**Problem details**
Pictures are to be left out, and only the lines below starting at the one with "114年10月16日(四)企業經濟成果與勞工共享之資料蒐集與因應策略公民論壇" and ending at the one with "משרד ה________ בראשתי" are to be reproduced, each exactly, both ends included.

**Listed entries**
-=-=-=-=-
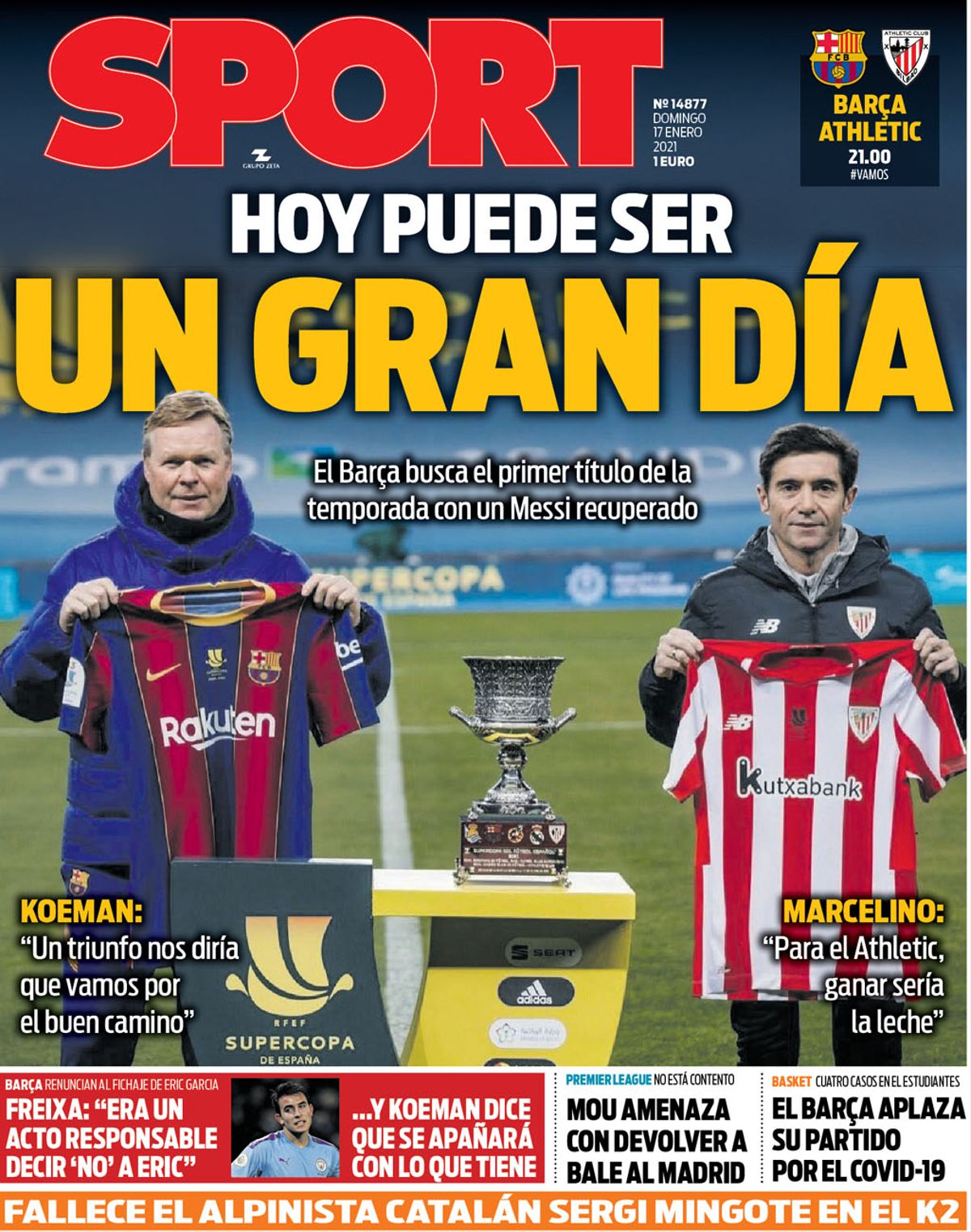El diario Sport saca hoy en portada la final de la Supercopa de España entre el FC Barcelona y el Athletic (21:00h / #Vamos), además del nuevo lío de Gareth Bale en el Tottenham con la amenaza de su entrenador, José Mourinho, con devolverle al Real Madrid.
-=-=-=-=-
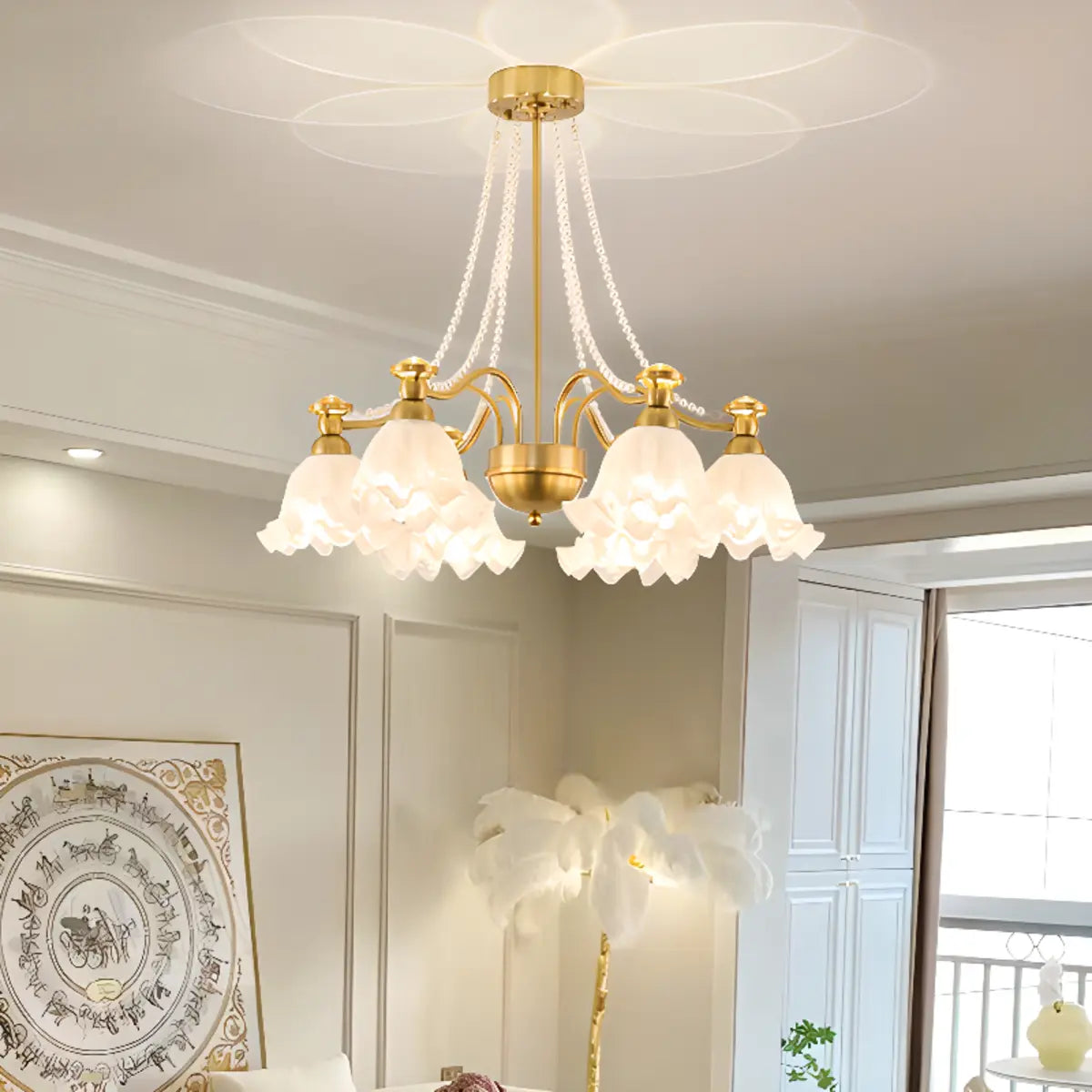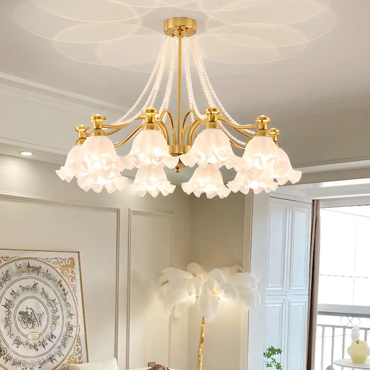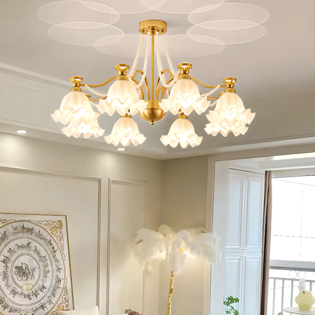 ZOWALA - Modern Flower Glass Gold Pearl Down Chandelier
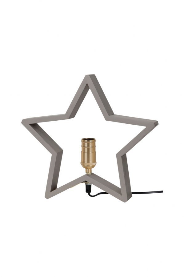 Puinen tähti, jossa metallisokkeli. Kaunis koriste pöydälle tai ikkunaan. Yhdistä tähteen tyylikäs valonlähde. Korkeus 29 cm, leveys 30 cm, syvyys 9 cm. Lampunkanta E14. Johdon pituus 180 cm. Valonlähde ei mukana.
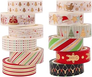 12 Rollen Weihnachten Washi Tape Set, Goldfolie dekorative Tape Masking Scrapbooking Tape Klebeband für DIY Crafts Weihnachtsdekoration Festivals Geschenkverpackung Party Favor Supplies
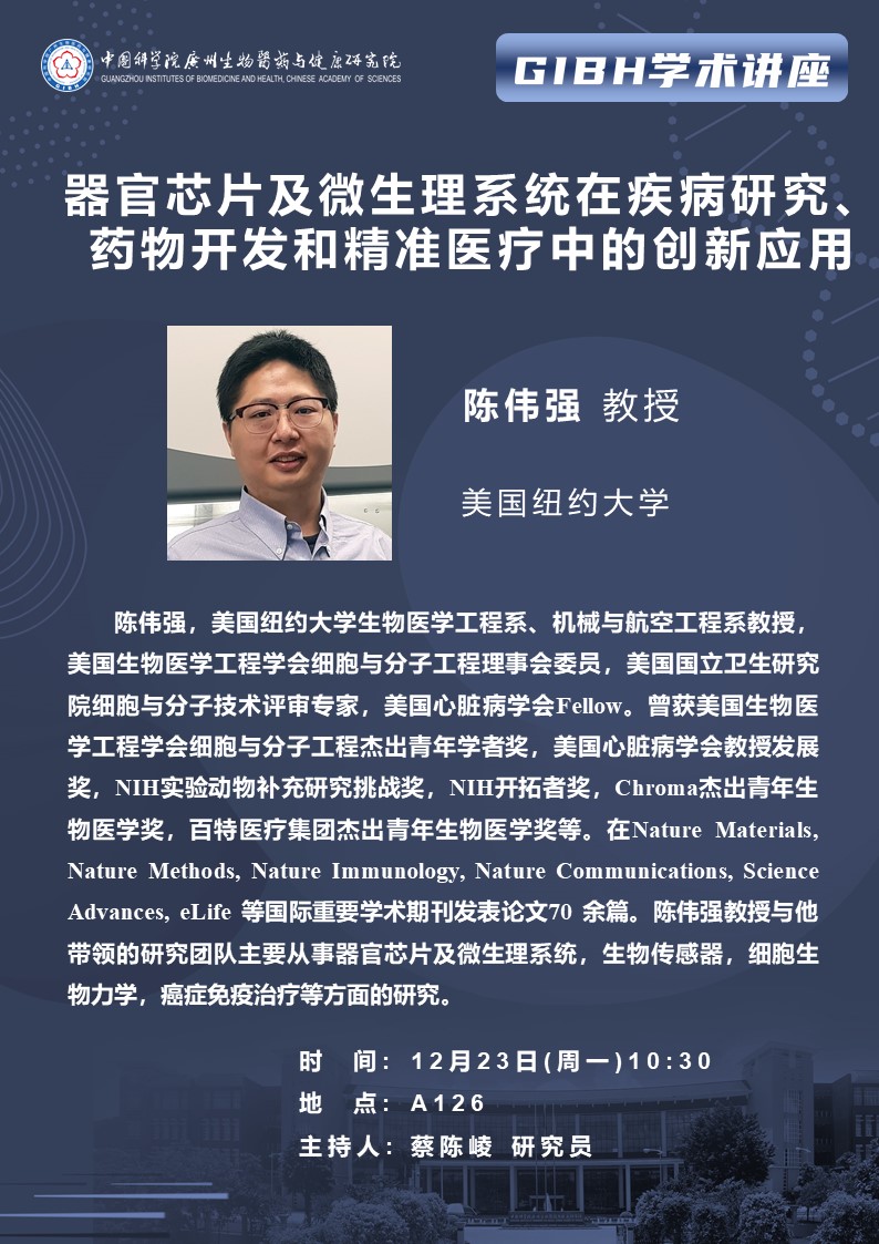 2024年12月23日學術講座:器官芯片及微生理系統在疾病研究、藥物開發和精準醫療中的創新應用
-=-=-=-=-
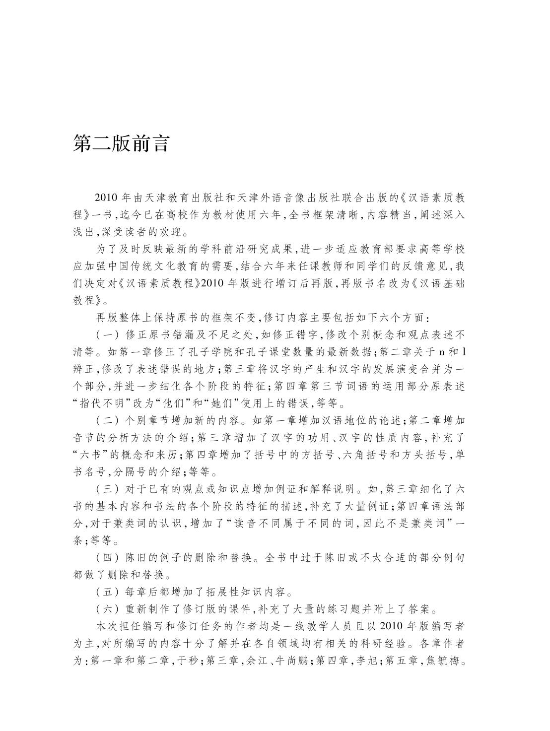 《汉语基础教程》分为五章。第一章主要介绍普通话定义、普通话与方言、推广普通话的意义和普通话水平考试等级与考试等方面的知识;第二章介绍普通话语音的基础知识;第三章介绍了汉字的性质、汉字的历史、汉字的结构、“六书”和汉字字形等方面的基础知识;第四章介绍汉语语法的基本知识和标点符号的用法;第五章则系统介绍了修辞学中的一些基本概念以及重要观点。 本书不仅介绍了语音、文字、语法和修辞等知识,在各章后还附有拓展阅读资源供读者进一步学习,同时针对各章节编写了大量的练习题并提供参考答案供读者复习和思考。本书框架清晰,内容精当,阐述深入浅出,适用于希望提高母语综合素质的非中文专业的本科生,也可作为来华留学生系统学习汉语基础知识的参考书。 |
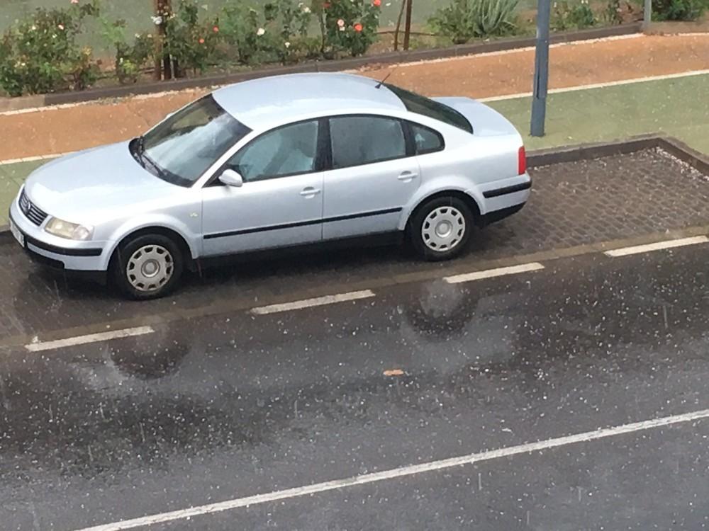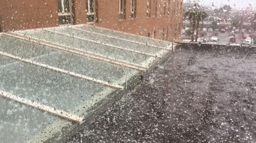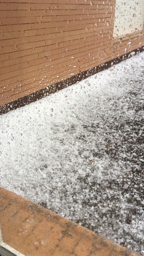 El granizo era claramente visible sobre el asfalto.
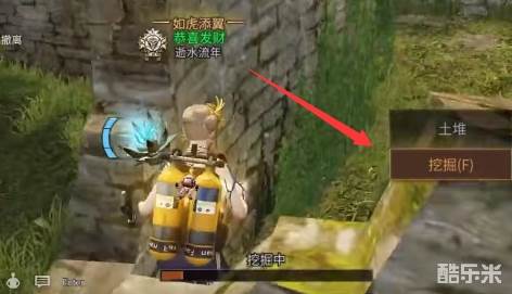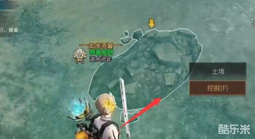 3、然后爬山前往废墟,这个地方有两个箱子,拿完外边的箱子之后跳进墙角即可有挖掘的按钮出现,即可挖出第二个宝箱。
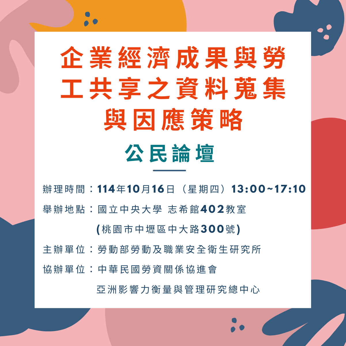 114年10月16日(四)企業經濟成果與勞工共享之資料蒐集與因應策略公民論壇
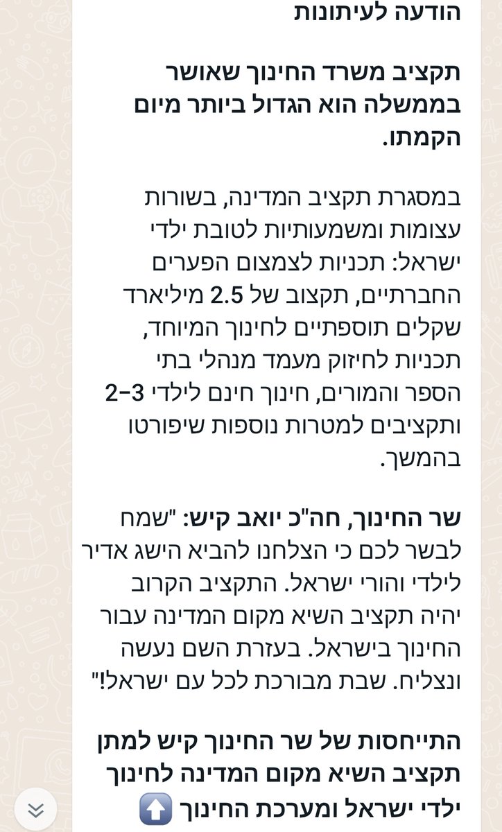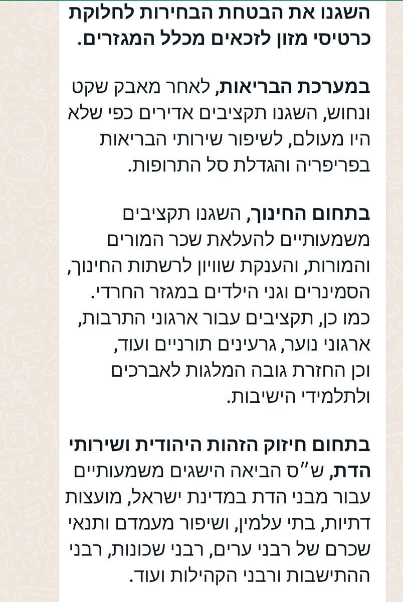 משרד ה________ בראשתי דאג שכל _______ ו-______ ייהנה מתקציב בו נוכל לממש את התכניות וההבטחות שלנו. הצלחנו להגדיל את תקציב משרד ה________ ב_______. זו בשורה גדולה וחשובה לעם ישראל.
-=-=-=-=-
**Solution below**
 114年10月16日(四)企業經濟成果與勞工共享之資料蒐集與因應策略公民論壇
 משרד ה________ בראשתי דאג שכל _______ ו-______ ייהנה מתקציב בו נוכל לממש את התכניות וההבטחות שלנו. הצלחנו להגדיל את תקציב משרד ה________ ב_______. זו בשורה גדולה וחשובה לעם ישראל.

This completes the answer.